GIVEN INFORMATION:
··········
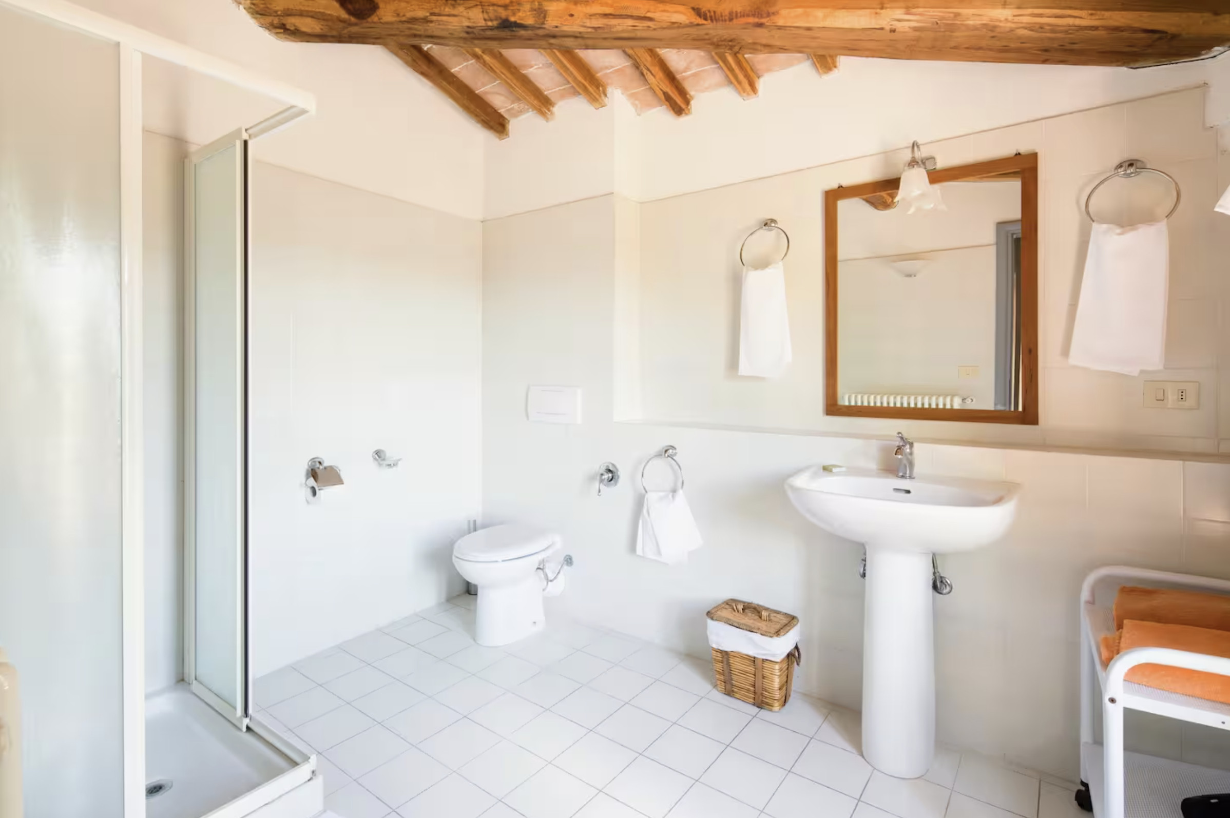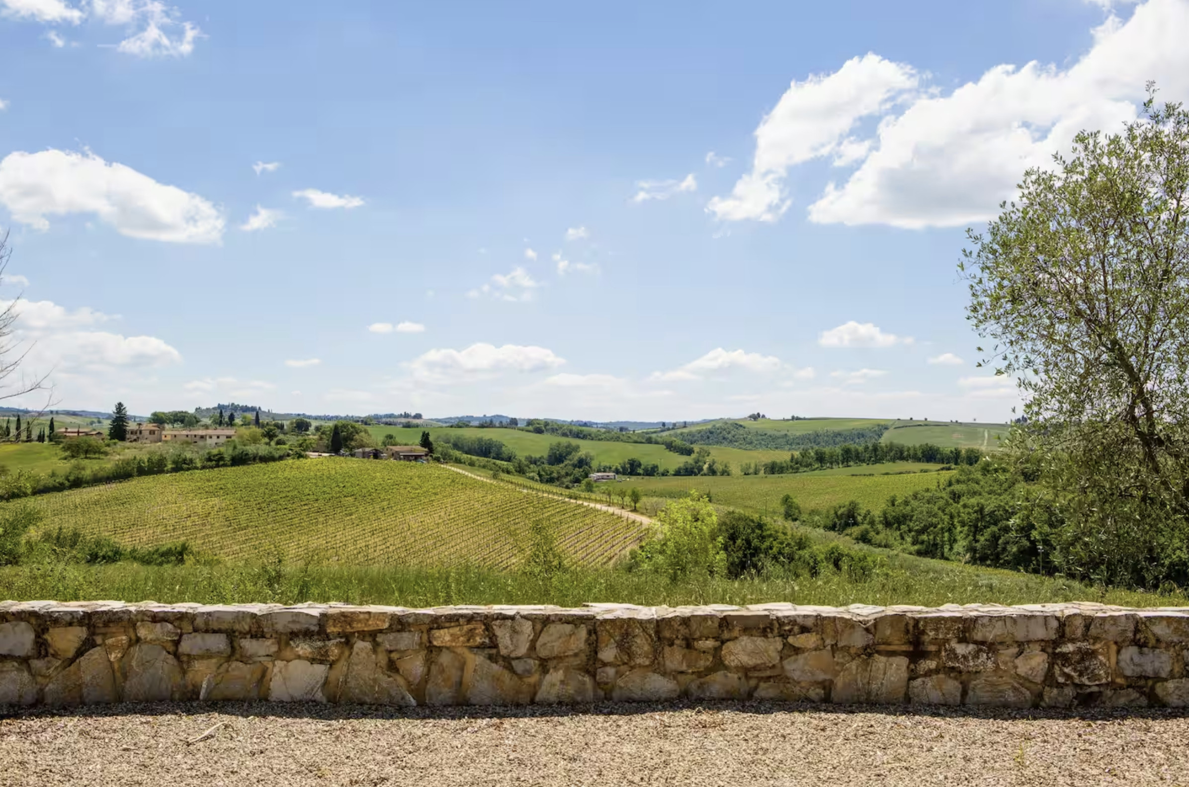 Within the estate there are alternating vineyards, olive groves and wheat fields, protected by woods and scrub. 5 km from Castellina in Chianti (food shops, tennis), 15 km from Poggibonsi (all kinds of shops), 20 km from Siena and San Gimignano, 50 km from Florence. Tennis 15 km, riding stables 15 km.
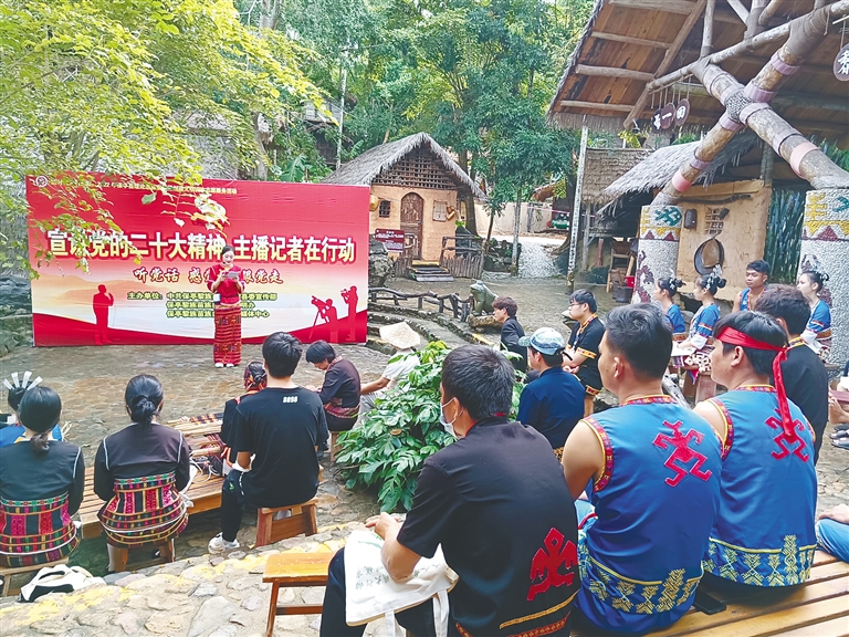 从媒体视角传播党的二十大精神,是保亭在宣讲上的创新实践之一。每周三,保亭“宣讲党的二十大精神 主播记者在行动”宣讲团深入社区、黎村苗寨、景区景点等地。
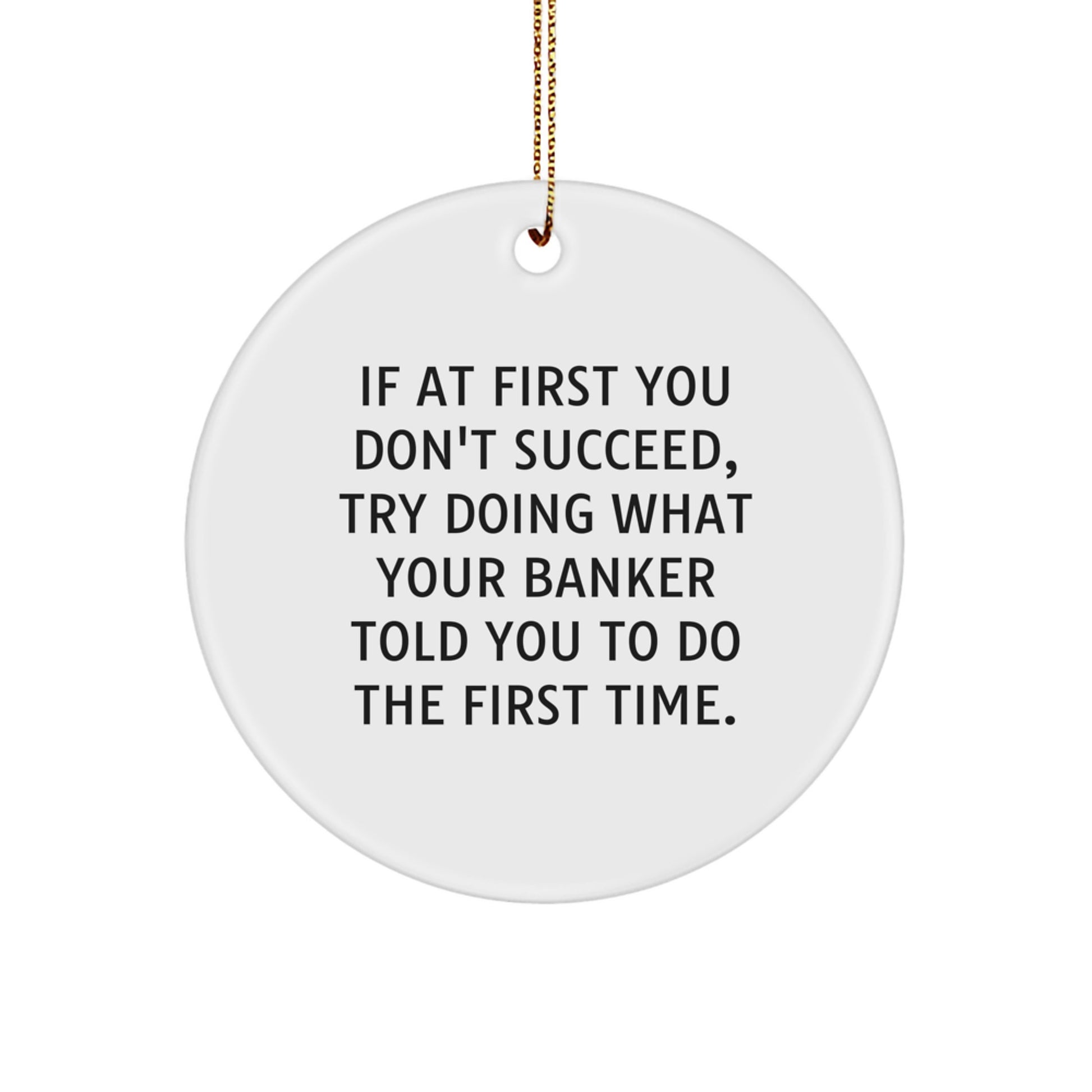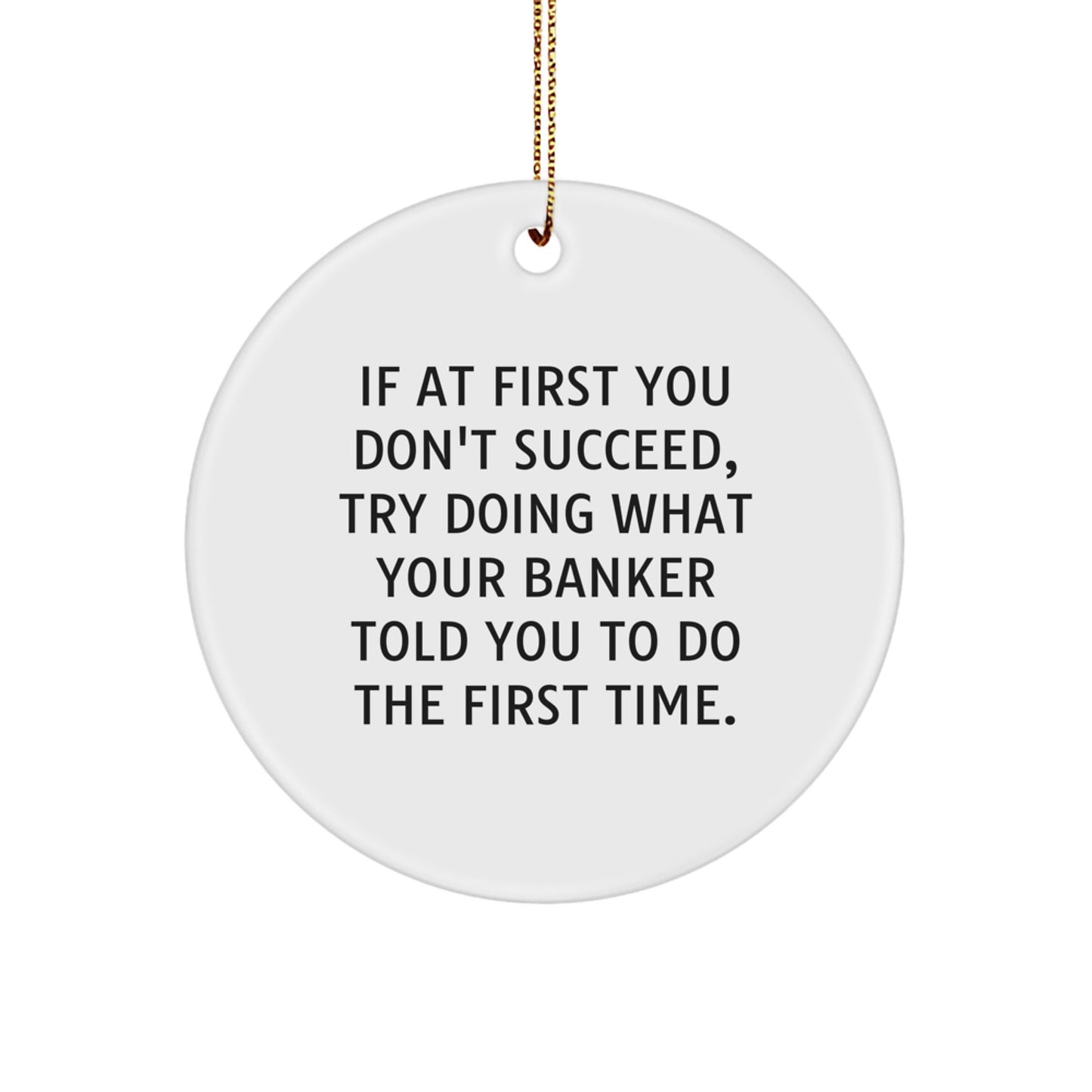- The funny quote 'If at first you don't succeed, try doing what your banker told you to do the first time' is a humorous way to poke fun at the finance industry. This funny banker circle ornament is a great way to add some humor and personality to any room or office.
··········
PROBLEM REQUIREMENTS: Give the listing again word for word, but drop every picture.

REPLY TO THE TASK:
 Within the estate there are alternating vineyards, olive groves and wheat fields, protected by woods and scrub. 5 km from Castellina in Chianti (food shops, tennis), 15 km from Poggibonsi (all kinds of shops), 20 km from Siena and San Gimignano, 50 km from Florence. Tennis 15 km, riding stables 15 km.
 从媒体视角传播党的二十大精神,是保亭在宣讲上的创新实践之一。每周三,保亭“宣讲党的二十大精神 主播记者在行动”宣讲团深入社区、黎村苗寨、景区景点等地。
- The funny quote 'If at first you don't succeed, try doing what your banker told you to do the first time' is a humorous way to poke fun at the finance industry. This funny banker circle ornament is a great way to add some humor and personality to any room or office.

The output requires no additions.